_The task_: Take the records below and set down exactly the lines from the one with "邢衡高速开展桥涵应急培训 提升联动处置能力" to the one with "Licensnøglen indtastes på", ends included; do not copy the pictures.
START Working data
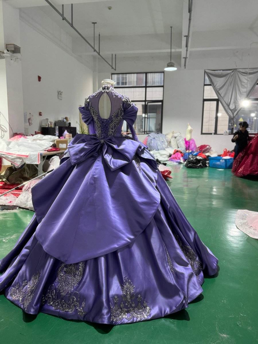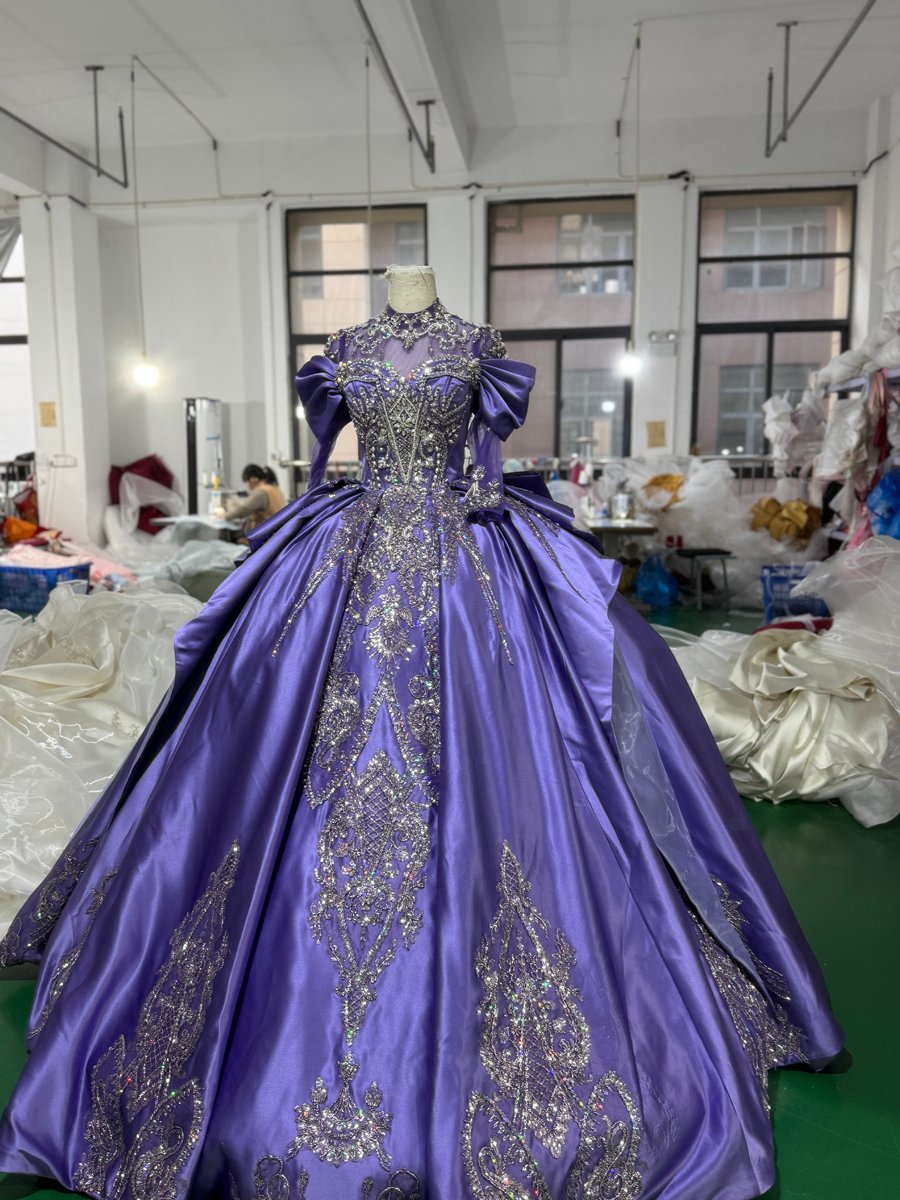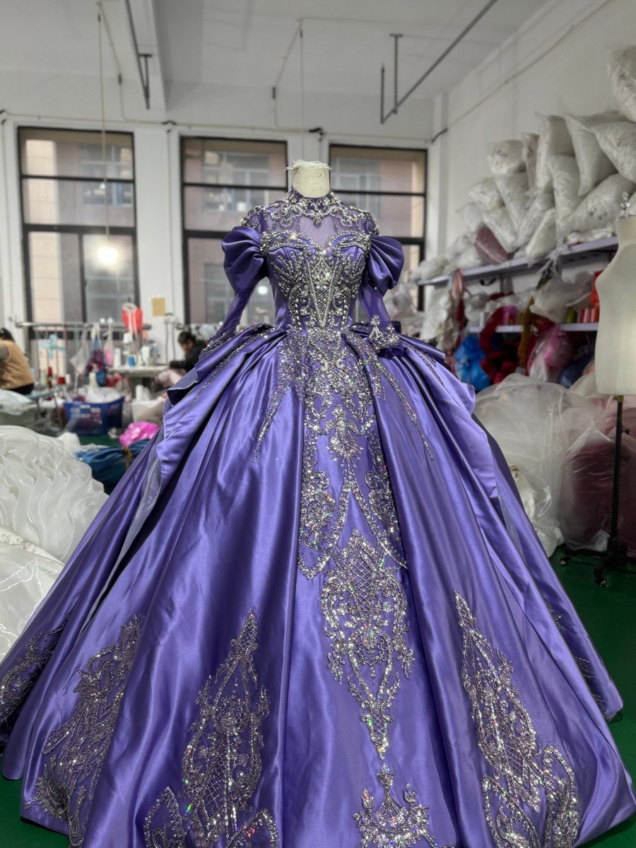 Royal Purple Sequin Beaded High Neck Quinceanera Dress Long Sleeve Ball Gown Keyhole Back Gown
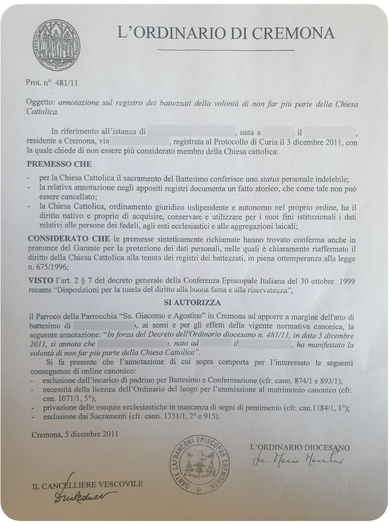 Una persona ha chiesto la rettifica dei dati relativi al proprio battesimo avvenuto a Santi Giacomo e Agostino - CREMONA (CR) il 05/12/2011, dichiarando di non voler più far parte della Chiesa Cattolica.
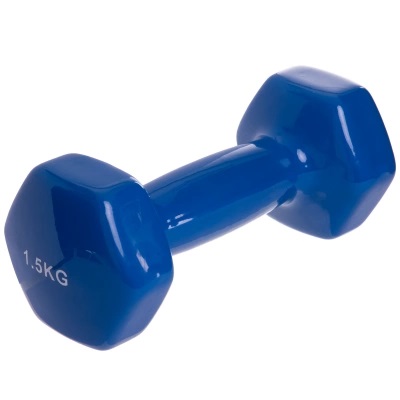 Gantere din oțel Solid într-o coajă de plastic culoare: Albastru. Material de acoperire: vinil. Greutate: 1,5 kg.
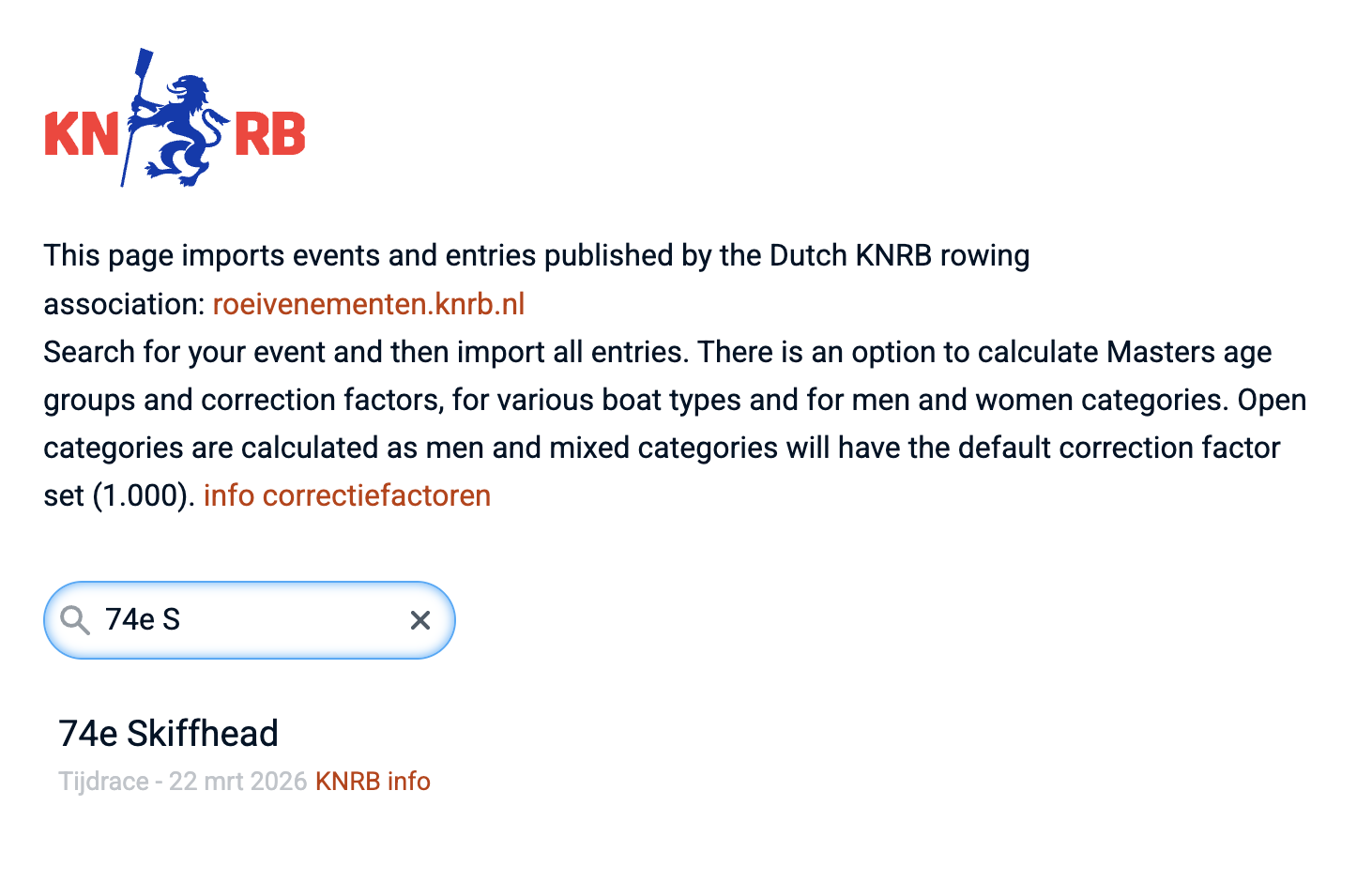 We've added a new import module for Dutch rowing races from the KNRB race entry system. In addition to the start list import, the proper age categories are determined for U23 as well as for Masters. These are included in the start list as a 'sub field'. Additionally, handicap factors are determined based on boat type as well on the average age of the crew. Here is a short demo video (in Dutch). (November '25)
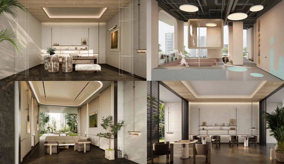 【约3000㎡下沉式会所】成人恒温泳池、儿童恒温泳池、健身房、瑜伽室、业主餐厅、私宴厅、棋牌室、下沉酒吧等多样邻里复合功能,满足业主社交、健身等多种需求;
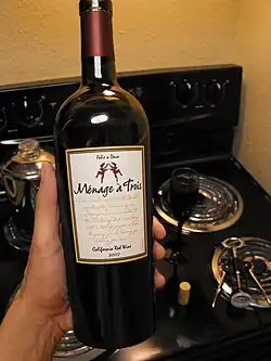Folie à Deux currently makes Cabernet Sauvignon, Pinot Noir, Zinfandel, Merlot, Chardonnay, and Sauvignon blanc. The winery also produces three wine blends and four varietals under the name Menage à Trois.[3] Menage à Trois Red was the top selling red wine product in the United States as of 2010.[4] The Menage à Trois brand sold 1.6 million cases in 2009,[5] and Menage à Trois was named the "Wine Brand of the Year" by the beverage industry publication Market Watch.[6]
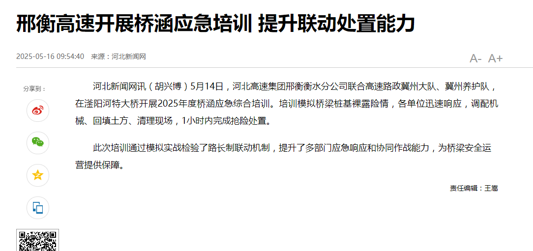 邢衡高速开展桥涵应急培训 提升联动处置能力
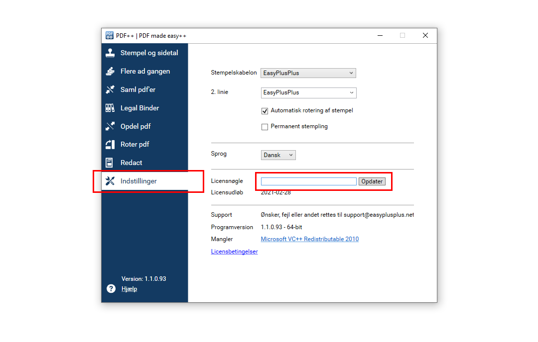 Licensnøglen indtastes på fanen “Indstillinger”.
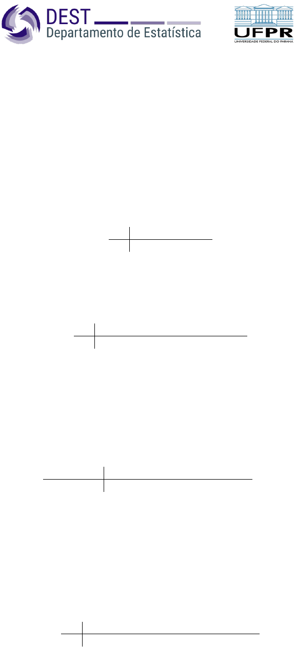 Exercícios Variáveis aleatórias Os exercícios foram extraídos dos livros: Bussab, WO; Morettin, PA. Estatística Básica. São Paulo: Editora Saraiva, 2006 (5ª Edição). Magalhães, MN; Lima, ACP. Noções de Probabilidade e Estatística. São Paulo: EDUSP, 2008. 1. Sendo Y uma variável aleatória com função de probabilidade dada a seguir, obtenha as medidas de posição média (µ), mediana (Md) e moda (Mo). Y -2 0 2 pi 1/3 1/3 1/3 2. Um atacadista recebe de vários fornecedores uma certa peça para revenda. A peça é produzida com material de qualidade diferente e, portanto, possui custo diferenciado. Levando em conta a proporção fornecida e o preço apresentado por cada fabricante, pode-se admitir que o custo de uma peça qualquer (em reais), escolhida ao acaso, é uma variável aleatória (C). Admita a seguinte função de probabilidade para C: C 1,00 1,10 1,20 1,30 1,40 pi 0,2 0,3 0,2 0,2 0,1 a) Determine as medidas de posição da variável C. b) Suponha que o atacadista revenda cada uma dessas peças acrescentado 50% sobre o custo da peça, além de um adicional de R$ 0,10 pelo frete. Calcule as medidas de posição da variável V : preço de revenda da peça. 3. Num certo bairro da cidade de São Paulo, as companhias de seguro estabeleceram o seguinte modelo para número de veículos furtados por semana: Furtos (F ) 0 1 2 3 4 pi 1/4 1/2 1/8 1/16 1/16 Calcule a média e a variância do número de furtos semanais do bairro. 4. Num jogo de dados, um jogador paga R$ 5 para lançar um dado equilibrado e ganha R$ 10 se resultar na face 6, ganha R$ 5 se resultar na face 5 e não ganha nada com as outras faces. Defina a variável L: lucro por jogada como sendo o saldo que o jogador ganhou menos o pagamento inicial (prejuízo é lucro negativo). Construa a função de probabilidade e determine média, moda, mediana e variância dessa variável. 5. Num teste de digitação, o tempo em minutos (T ) que os candidatos levaram para digitar um texto é modelado, de forma aproximada, pela seguinte função de probabilidade: T 3 4 5 6 7 8 9 pi 0,1 0,1 0,2 0,2 0,2 0,1 0,1 O candidato recebe 4 pontos se terminar a digitação em 9 minutos, 5 se terminar em 8 minutos e assim por diante. Determine a média e a variância da variável N : número de pontos obtidos no teste. http://www.ime.usp.br/~pam http://www.editorasaraiva.com.br/produtos/show/isbn:9788502207998/titulo:estatistica-basica/ http://www.saraivauni.com.br http://www.ime.usp.br/~marcos http://www.ime.usp.br/~acarlos http://www.ime.usp.br/~noproest 6. Um caminho para chegar a uma festa pode ser divido em três etapas. Sem enganos o trajeto é feito em 1 hora. Se enganos acontecerem na primeira etapa, acrescente 10 minutos ao tempo do trajeto. Para enganos na segunda etapa, o acréscimo é 20 e, para terceira, 30 minutos. Admita que a probabilidade de engano é 0.1, 0.2 e 0.3 para a primeira, segunda e terceira etapas, respectivamente. É provável haver atraso na chegada à festa? Determine a probabilidade de haver atraso, e o atraso não passar de 40 minutos. 7. Um pai leva o filho ao cinema e vai gastar nas duas entradas R$ 15. O filho vai pedir para comer pipoca com probabilidade 0.7 e, além disso, pode pedir bala com probabilidade 0.5, independentemente um do outro. Se a pipoca custa R$ 2 e a bala R$ 3, estude o gasto (G) efetuado com o passeio ao cinema. 8. Uma variável aleatória Y tem a seguinte função de distribuição: F (Y ) = 0 se y < 10 0.2 se 10 ≤ y < 12; 0.5 se 12 ≤ y < 13; 0.9 se 13 ≤ y < 25; 1 se y ≥ 25. Determine: a) A função de probabilidade de Y . b) P (Y ≤ 12). c) P (Y < 12). d) P (12 ≤ Y ≤ 20). e) P (Y > 18). 9. Um agricultor cultiva laranjas e também produz mudas para vender. Após alguns meses, a muda pode ser atacada por fungos com probabilidade 0.05 e, nesse caso, ela é escolhida para ser recuperada com probabilidade 0.5. Admita que o processo de recuperação é infalível. O custo de cada muda produzida é R$ 1.00, mas acrescido de mais 50 centavos se precisar ser recuperada. Cada muda é vendida a R$ 3.00 e são descartadas as mudas não recuperadas de ataque de fungos. Estude como se comporta o ganho por muda produzida. 10. Num certo restaurante, paga-se pelo almoço uma quantia fixa dependendo da escolha feita de prato e bebida. A carne de peixe tem 10% de preferência, enquanto o frango tem 40% e carne bovina 50% . As três escolhas de bebida estão condicionadas à opção do prato, segundo a tabela abaixo: Opção: Peixe Cerveja Água Vinho P(Bebida|Peixe) 0.4 0.3 0.3 Opção: Frango Cerveja Água Vinho P(Bebida|Frango) 0.3 0.5 0.2 Opção: Bovina Cerveja Água Vinho P(Bebida|Bovina) 0.6 0.3 0.1 Admita os seguintes preços: Pedido Peixe Frango Bovina Cerveja Água Vinho Preço 12 15 18 6 3 9 a) Dado que alguém escolhe peixe, qual a probabilidade de que escolha cerveja? b) Se escolhe carne bovina, qual a probabilidade de tomar vinho? c) Sabendo que tomou água, qual a chance de ter escolhido frango? d) Determine a função de probabilidade para cada uma das variáveis X: preço do almoço e Y : preço do almoço para aqueles que preferem cerveja. 2 11. A resistência (em toneladas) de vigas de concreto produzidas por uma empresa, comporta-se conforme a função de probabilidade abaixo: Resistência (Y ) 2 3 4 5 6 pi 0.1 0.1 0.4 0.2 0.2 Admita que essas vigas são aprovadas para uso em construções se suportarem pelo menos 3 toneladas. De um grande lote fabricado pela empresa, escolhemos 15 vigas ao acaso. Qual será a probabilidade de: a) Todas serem aptas para construções? b) No mínimo 13 serem aptas? 12. Verifique se as expressões a seguir são funções densidade de probabilidade (assuma que elas se anulam fora dos intervalos especificados). a) f(y) = 3y, se 0 ≤ y ≤ 1. b) f(y) = y2/2, se y ≥ 0. c) f(y) = (y − 3)/2, se 3 ≤ y ≤ 5. d) f(y) = 2, se 0 ≤ y ≤ 2. e) f(y) = { (2 + y)/4, se − 2 ≤ y < 0; (2 − y)/4, se 0 ≤ y ≤ 2. 13. O tempo, em minu
END Working data
_Result_:
 邢衡高速开展桥涵应急培训 提升联动处置能力
 Licensnøglen indtastes på fanen “Indstillinger”.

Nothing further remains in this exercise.